The game couldn’t play simpler. Movement, a pedal button, a brake, and a sprint button complete with a boost gauge. I opted for directional steering instead of positional left-right, which only sounded increasingly difficult as I progressed through the game’s mountains. It’s the routes themselves that offer the obstacles, demanding study in order to learn the route then offering challenges that require you to get creative to make tight times. This process involves falling a lot. You will get there, eventually riding a line that looks like a BMX highlight video, but it’ll require an entire Jackass movie’s worth of pain in the process. Make no mistake, this is a good thing. The only thing more satisfying than landing the stunt of the century is faceplanting in the funniest ways possible.

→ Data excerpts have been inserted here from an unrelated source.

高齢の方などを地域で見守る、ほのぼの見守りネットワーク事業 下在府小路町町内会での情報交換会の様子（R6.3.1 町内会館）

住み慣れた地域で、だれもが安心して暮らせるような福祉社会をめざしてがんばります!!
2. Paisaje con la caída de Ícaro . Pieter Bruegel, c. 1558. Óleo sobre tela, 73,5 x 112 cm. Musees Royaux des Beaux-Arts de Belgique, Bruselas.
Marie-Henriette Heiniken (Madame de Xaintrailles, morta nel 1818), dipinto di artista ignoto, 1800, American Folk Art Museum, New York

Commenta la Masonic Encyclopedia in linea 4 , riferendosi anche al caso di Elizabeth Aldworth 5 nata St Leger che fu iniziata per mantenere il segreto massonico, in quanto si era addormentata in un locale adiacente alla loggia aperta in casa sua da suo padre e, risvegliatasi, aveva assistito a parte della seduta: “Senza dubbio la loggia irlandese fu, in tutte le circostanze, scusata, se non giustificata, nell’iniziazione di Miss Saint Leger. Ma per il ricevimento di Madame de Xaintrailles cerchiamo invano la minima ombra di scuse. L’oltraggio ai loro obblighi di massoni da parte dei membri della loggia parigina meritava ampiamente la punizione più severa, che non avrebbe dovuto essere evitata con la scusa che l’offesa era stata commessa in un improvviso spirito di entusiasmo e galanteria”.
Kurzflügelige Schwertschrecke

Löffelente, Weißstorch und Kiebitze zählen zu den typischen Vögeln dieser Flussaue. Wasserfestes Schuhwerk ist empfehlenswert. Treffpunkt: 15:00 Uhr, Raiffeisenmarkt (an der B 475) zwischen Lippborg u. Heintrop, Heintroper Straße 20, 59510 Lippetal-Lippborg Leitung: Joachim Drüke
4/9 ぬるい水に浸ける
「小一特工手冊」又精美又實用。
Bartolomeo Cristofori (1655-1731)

I found the game largely ran smooth, with no amount of falling leaves or water flowing causing lag or affecting performance. I say “largely” because about once a session I’d experience a bizarre hitch with no obvious consistent cause that would inevitably get me killed. Didn’t matter which environment, what I was doing, just a half second pause then the game rapidly catching up. My theory, and it’s probably wrong, is that this is due to the game demanding a constant internet connection so that it can upload everyone’s times for every checkpoint. If I’m right that’s not ideal, but this is the kind of game that demands times be posted for competition so it’s a concession I’m willing to make.
Make no mistake, this game is a speedrunner’s dream. The physics are as intricate as they are consistent, allowing you to cook up weird little skips that were absolutely not all intended by the developers. This is where bike choice matters immensely. Heaps of speed and sprint meter may help you make incredible time if you can maintain control, but you may prefer to mountain goat your way down a sheer cliff with a more suspension-focused ride. A tip – dying on a checkpoint still counts!

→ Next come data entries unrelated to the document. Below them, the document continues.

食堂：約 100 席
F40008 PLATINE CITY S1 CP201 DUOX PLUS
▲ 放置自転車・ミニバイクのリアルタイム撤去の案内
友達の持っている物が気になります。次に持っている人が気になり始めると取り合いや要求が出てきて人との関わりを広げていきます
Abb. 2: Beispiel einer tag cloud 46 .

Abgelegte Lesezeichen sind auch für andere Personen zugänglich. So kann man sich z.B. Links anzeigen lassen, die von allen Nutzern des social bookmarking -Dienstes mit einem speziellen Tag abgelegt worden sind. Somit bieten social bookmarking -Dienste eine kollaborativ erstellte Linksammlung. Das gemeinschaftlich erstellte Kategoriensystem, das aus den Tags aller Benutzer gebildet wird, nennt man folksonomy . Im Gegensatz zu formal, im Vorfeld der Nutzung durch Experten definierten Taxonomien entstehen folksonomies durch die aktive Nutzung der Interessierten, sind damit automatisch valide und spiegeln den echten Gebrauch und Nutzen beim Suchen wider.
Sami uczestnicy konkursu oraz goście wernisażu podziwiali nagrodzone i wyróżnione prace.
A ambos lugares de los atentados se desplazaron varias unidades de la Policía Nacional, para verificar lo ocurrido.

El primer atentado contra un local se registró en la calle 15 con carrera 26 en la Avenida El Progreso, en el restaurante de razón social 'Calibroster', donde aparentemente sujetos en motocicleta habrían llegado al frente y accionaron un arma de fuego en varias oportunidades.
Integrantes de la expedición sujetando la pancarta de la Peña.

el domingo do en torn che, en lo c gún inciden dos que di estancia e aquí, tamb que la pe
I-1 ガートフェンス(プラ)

Unlocks progress at a satisfying clip. Clear a challenge, get a thing, simple as. These consist of things like bike parts (basically currency), new routes, and my favorite, night mode for each mountain. Besides having its own suite of challenges that tend to be more focused on simply not dying over speed, night mode is also the game at its most visually stunning. Your ability to navigate will be significantly affected by which way you point your headlight, casting shadows off of every plant and pebble, transforming what was once a familiar trail into a menacing maze of hidden hazards. It’s an amazing way to remix what are already interesting and replayable trails into something that feels wholly distinct despite having explored it before.
And it’s the inherent joy of extreme exploration that makes LMD an especially easy recommendation. It won’t shatter your expectations – don’t expect a SkiFree yeti to appear and chase you down – but it consistently surprised me with how much beauty and excitement it delivered from its simple premise. Embracing gravity and refusing to die is a special kind of thrill.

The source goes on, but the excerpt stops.